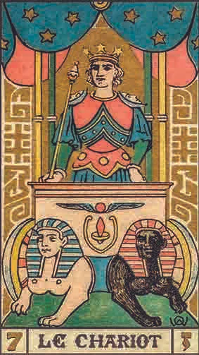 Le Chariot est une promesse : celle que tout est possible à celui qui sait unir sa volonté (le conducteur) aux forces de la nature (les sphinges). C’est la foi dans l’avenir qui permet de tracer sa route.
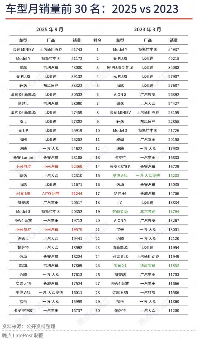 通过对比2023年3月和2025年9月品牌销量排名的前三十可以发现,2023年的四家豪华品牌只剩下三家上榜,并且无一进入前十名。另一方面,零跑已经摸到了前十名的门槛,而只有两款车的小米竟然也挤进了前二十名。最令人堪忧的,要数广汽,广汽本田、广汽传祺和广汽埃安已经跌倒了三十名的底部,只剩下广汽丰田在苦苦支撑。
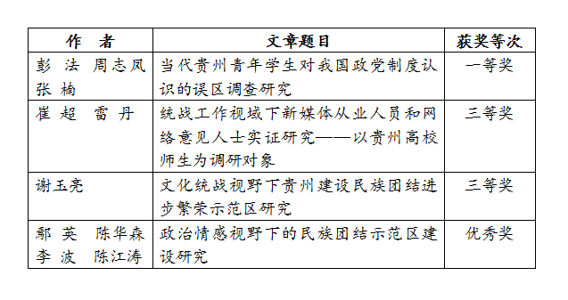 根据通报,公司统战部选送的研究成果中有4项获全省统一战线理论政策优秀成果表彰。其中,公司彭法、谢玉亮、鄢英3位教师在全省统一战线理论政策优秀成果表彰中获奖。
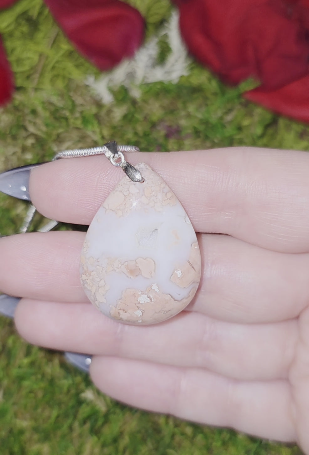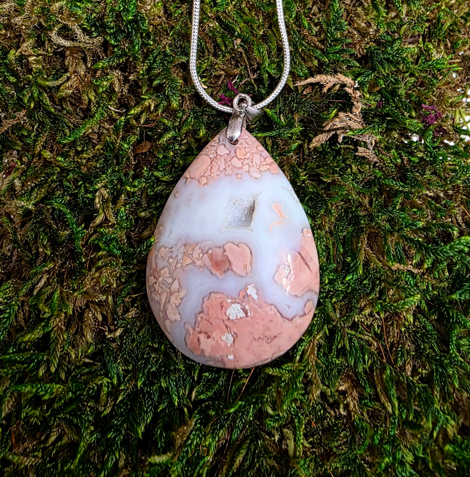 This piece features a druzy pockets and beautiful Pink and white banding. The pendant is about 1.5 inches long, has a sterling silver pendant bail, and comes with an 18 inch silver plated steel chain.
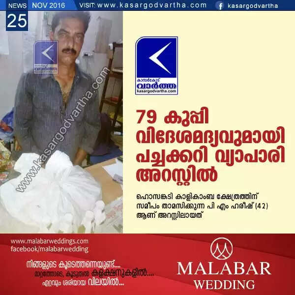 മഞ്ചേശ്വരം:  (www.kasargodvartha.com 25/11/2016) ഹൊസങ്കടി റെയില്‍വേ ഗേറ്റിന് സമീപം മദ്യ വില്‍പന നടത്തുകയായിരുന്ന പച്ചക്കറി വ്യാപാരിയെ പോലീസ് അറസ്റ്റുചെയ്തു. ഹൊസങ്കടി കാളികാംബ ക്ഷേത്രത്തിന് സമീപം താമസിക്കുന്ന പി എം ഹരീഷ് (42) ആണ് അറസ്റ്റിലായത്. ഇയാളില്‍നിന്നും 79 കുപ്പി കര്‍ണാടക മദ്യം പിടിച്ചെടുത്തു. വ്യാഴാഴ്ച വൈകിട്ട് ഏഴ് മണിയോടെയാണ് പ്രതി പിടിയിലായത്.
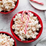Delight in the festive flavors of Candy Cane Popcorn, a perfect holiday treat combining air-popped popcorn coated in smooth white chocolate and sprinkled with crushed candy canes for a sweet, minty crunch.
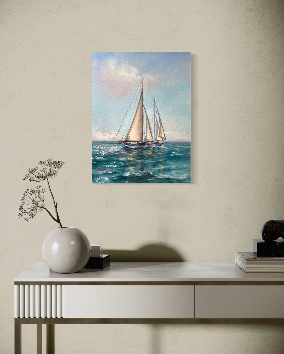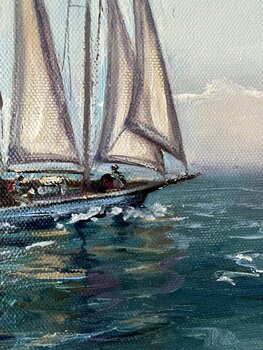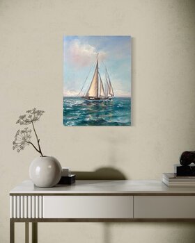 Dans ce tableau, j'ai capturé la beauté sereine d'un voilier sillonnant les eaux scintillantes sous un ciel doux. À l'huile, j'ai mêlé impressionnisme et réalisme pour évoquer un sentiment d'aventure sereine et de liberté. Le jeu de lumière sur les voiles et la mer invite à ressentir la douce brise et les possibilités infinies, apportant tranquillité et inspiration à chaque espace.
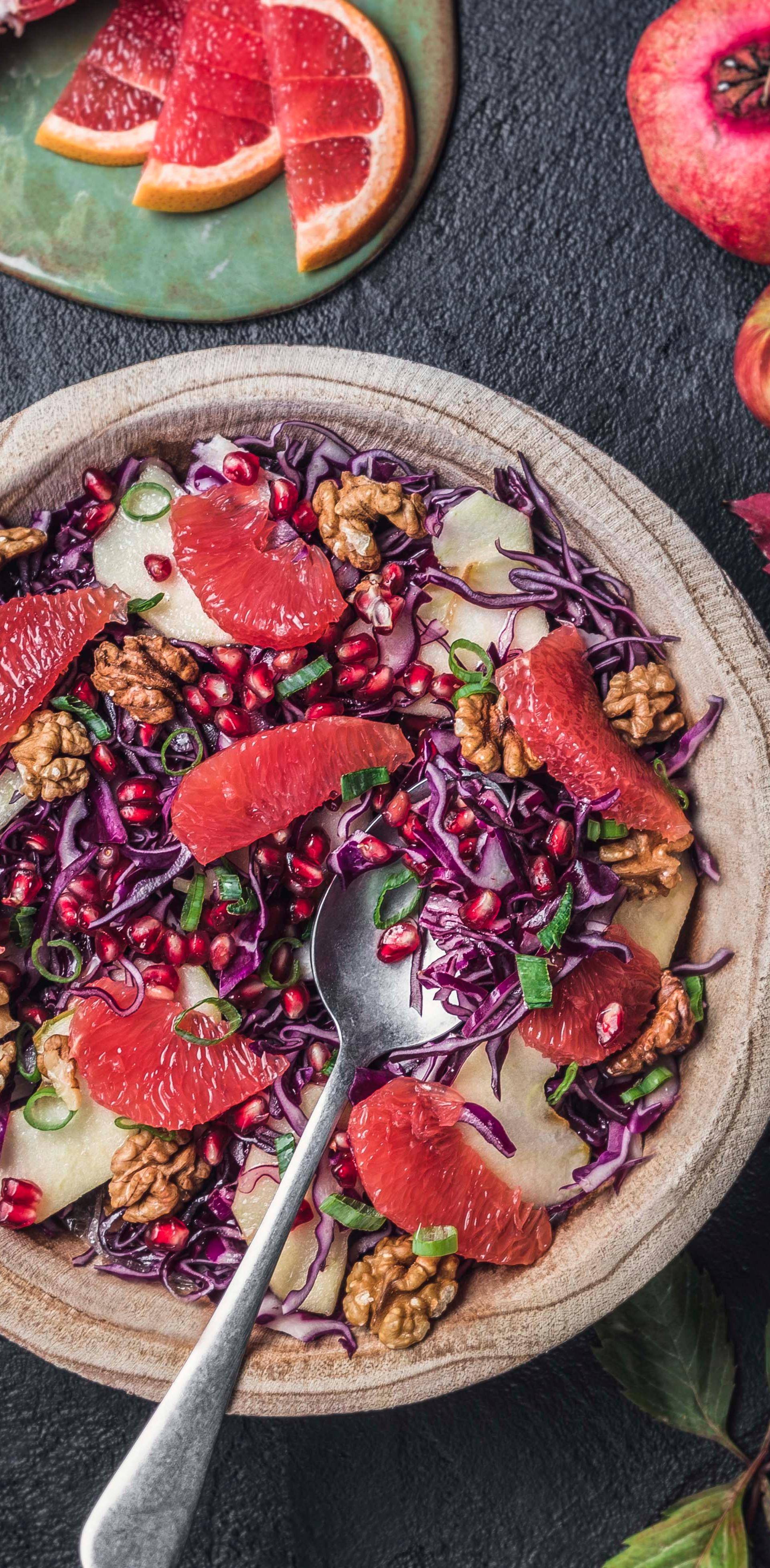 Ajoutez les grains de grenade et les suprêmes de pamplemousse dans le saladier. Mélangez tous les ingrédients.
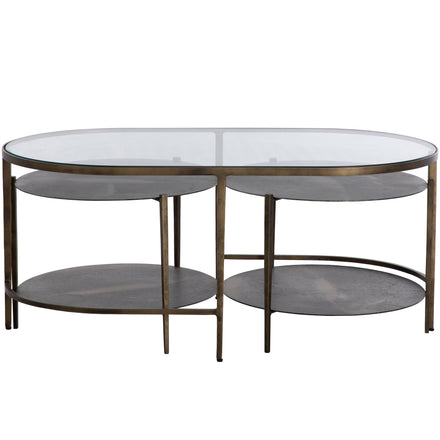 A true shape shifter, the Northampton Coffee Table offers the option of expanding its reach whenever the need arises. Its oval, tempered glass-top mainframe houses a pair of tiered tables that swing out for convenient access, perfect for accommodating more snacks on game days or wine bottles at book club gatherings. The silver acid-etched finish on the smaller nesting table tops contrasts beautifully with its champagne-finished iron frame, creating a striking balance of elegance and functionality. This versatile design seamlessly blends with a variety of decor styles, making it a sophisticated and practical addition to any living space.
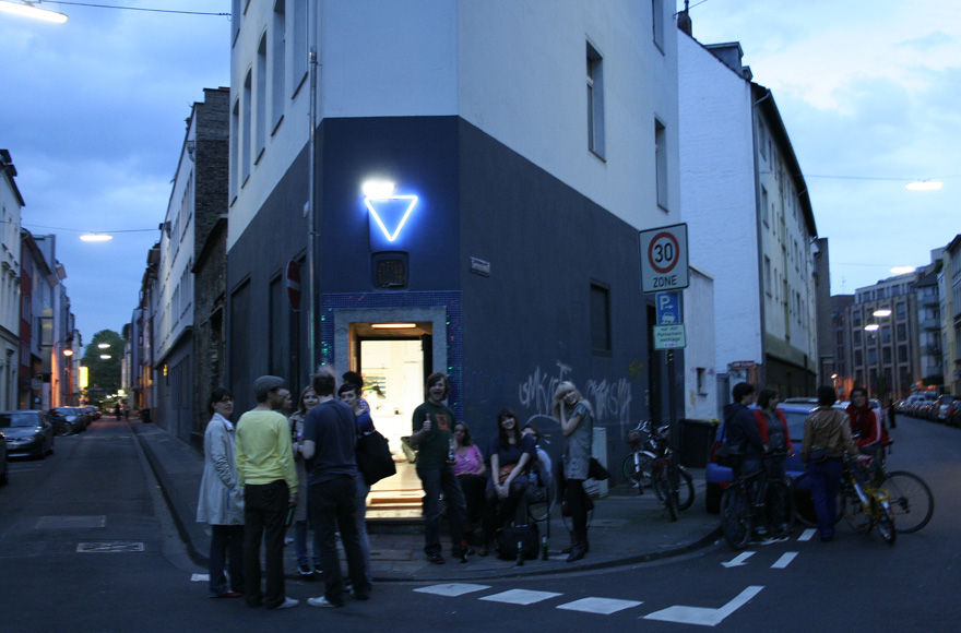 Parallel zur Art Cologne 2009 sollte ein neues Kunstfestival in Köln zum allerersten Mal das Licht erblicken: Hug me, Heimlich. 25 junge, zumeist unbekannte Künstler und ein Singer-Songwriter bekamen hier über 5 Tage lang die Gelegenheit sich der Öffentlichkeit zu präsentieren. Zwei ungewöhnlichen Räumlichkeiten, das sogenannte "Haifischbecken" im Kölner Filmhaus und das Dreieck, eine längst vergessene und seit Jahren stillgelegte Kneipe in der Kölner Nordstadt boten insgesamt 150m2 Fläche für Malerei, Illustration, Grafik, Skulptur, Installation, Fotografie und Musik. Zündstoff für diese Initiative war ein im Frühling gestarteter Aufruf aus dem sich ein allumfassendes, genreübergreifendes Programm ohne thematische Eingrenzung zusammenstellen ließ. Wer die Hug me - Botschaft bekam wurde ermutigt seine Kunst einzureichen. Wer sie nicht bekam war dennoch gefragt: Email weiterleiten, Aufruf weitergeben, Nachricht weitersagen. Aus diesem Schneeballsystem sollten sich auch die nächsten Ausgaben des Festivals speisen, ohne das Ausmaß jemals erahnen zu können ...

--*--

- [Your task]:
Return the whole listing exactly, minus its pictures.

- [Output for this exercise]:
 Le Chariot est une promesse : celle que tout est possible à celui qui sait unir sa volonté (le conducteur) aux forces de la nature (les sphinges). C’est la foi dans l’avenir qui permet de tracer sa route.
 通过对比2023年3月和2025年9月品牌销量排名的前三十可以发现,2023年的四家豪华品牌只剩下三家上榜,并且无一进入前十名。另一方面,零跑已经摸到了前十名的门槛,而只有两款车的小米竟然也挤进了前二十名。最令人堪忧的,要数广汽,广汽本田、广汽传祺和广汽埃安已经跌倒了三十名的底部,只剩下广汽丰田在苦苦支撑。
 根据通报,公司统战部选送的研究成果中有4项获全省统一战线理论政策优秀成果表彰。其中,公司彭法、谢玉亮、鄢英3位教师在全省统一战线理论政策优秀成果表彰中获奖。
 This piece features a druzy pockets and beautiful Pink and white banding. The pendant is about 1.5 inches long, has a sterling silver pendant bail, and comes with an 18 inch silver plated steel chain.
 മഞ്ചേശ്വരം:  (www.kasargodvartha.com 25/11/2016) ഹൊസങ്കടി റെയില്‍വേ ഗേറ്റിന് സമീപം മദ്യ വില്‍പന നടത്തുകയായിരുന്ന പച്ചക്കറി വ്യാപാരിയെ പോലീസ് അറസ്റ്റുചെയ്തു. ഹൊസങ്കടി കാളികാംബ ക്ഷേത്രത്തിന് സമീപം താമസിക്കുന്ന പി എം ഹരീഷ് (42) ആണ് അറസ്റ്റിലായത്. ഇയാളില്‍നിന്നും 79 കുപ്പി കര്‍ണാടക മദ്യം പിടിച്ചെടുത്തു. വ്യാഴാഴ്ച വൈകിട്ട് ഏഴ് മണിയോടെയാണ് പ്രതി പിടിയിലായത്.
Delight in the festive flavors of Candy Cane Popcorn, a perfect holiday treat combining air-popped popcorn coated in smooth white chocolate and sprinkled with crushed candy canes for a sweet, minty crunch.
 Dans ce tableau, j'ai capturé la beauté sereine d'un voilier sillonnant les eaux scintillantes sous un ciel doux. À l'huile, j'ai mêlé impressionnisme et réalisme pour évoquer un sentiment d'aventure sereine et de liberté. Le jeu de lumière sur les voiles et la mer invite à ressentir la douce brise et les possibilités infinies, apportant tranquillité et inspiration à chaque espace.
 Ajoutez les grains de grenade et les suprêmes de pamplemousse dans le saladier. Mélangez tous les ingrédients.
 A true shape shifter, the Northampton Coffee Table offers the option of expanding its reach whenever the need arises. Its oval, tempered glass-top mainframe houses a pair of tiered tables that swing out for convenient access, perfect for accommodating more snacks on game days or wine bottles at book club gatherings. The silver acid-etched finish on the smaller nesting table tops contrasts beautifully with its champagne-finished iron frame, creating a striking balance of elegance and functionality. This versatile design seamlessly blends with a variety of decor styles, making it a sophisticated and practical addition to any living space.
 Parallel zur Art Cologne 2009 sollte ein neues Kunstfestival in Köln zum allerersten Mal das Licht erblicken: Hug me, Heimlich. 25 junge, zumeist unbekannte Künstler und ein Singer-Songwriter bekamen hier über 5 Tage lang die Gelegenheit sich der Öffentlichkeit zu präsentieren. Zwei ungewöhnlichen Räumlichkeiten, das sogenannte "Haifischbecken" im Kölner Filmhaus und das Dreieck, eine längst vergessene und seit Jahren stillgelegte Kneipe in der Kölner Nordstadt boten insgesamt 150m2 Fläche für Malerei, Illustration, Grafik, Skulptur, Installation, Fotografie und Musik. Zündstoff für diese Initiative war ein im Frühling gestarteter Aufruf aus dem sich ein allumfassendes, genreübergreifendes Programm ohne thematische Eingrenzung zusammenstellen ließ. Wer die Hug me - Botschaft bekam wurde ermutigt seine Kunst einzureichen. Wer sie nicht bekam war dennoch gefragt: Email weiterleiten, Aufruf weitergeben, Nachricht weitersagen. Aus diesem Schneeballsystem sollten sich auch die nächsten Ausgaben des Festivals speisen, ohne das Ausmaß jemals erahnen zu können ...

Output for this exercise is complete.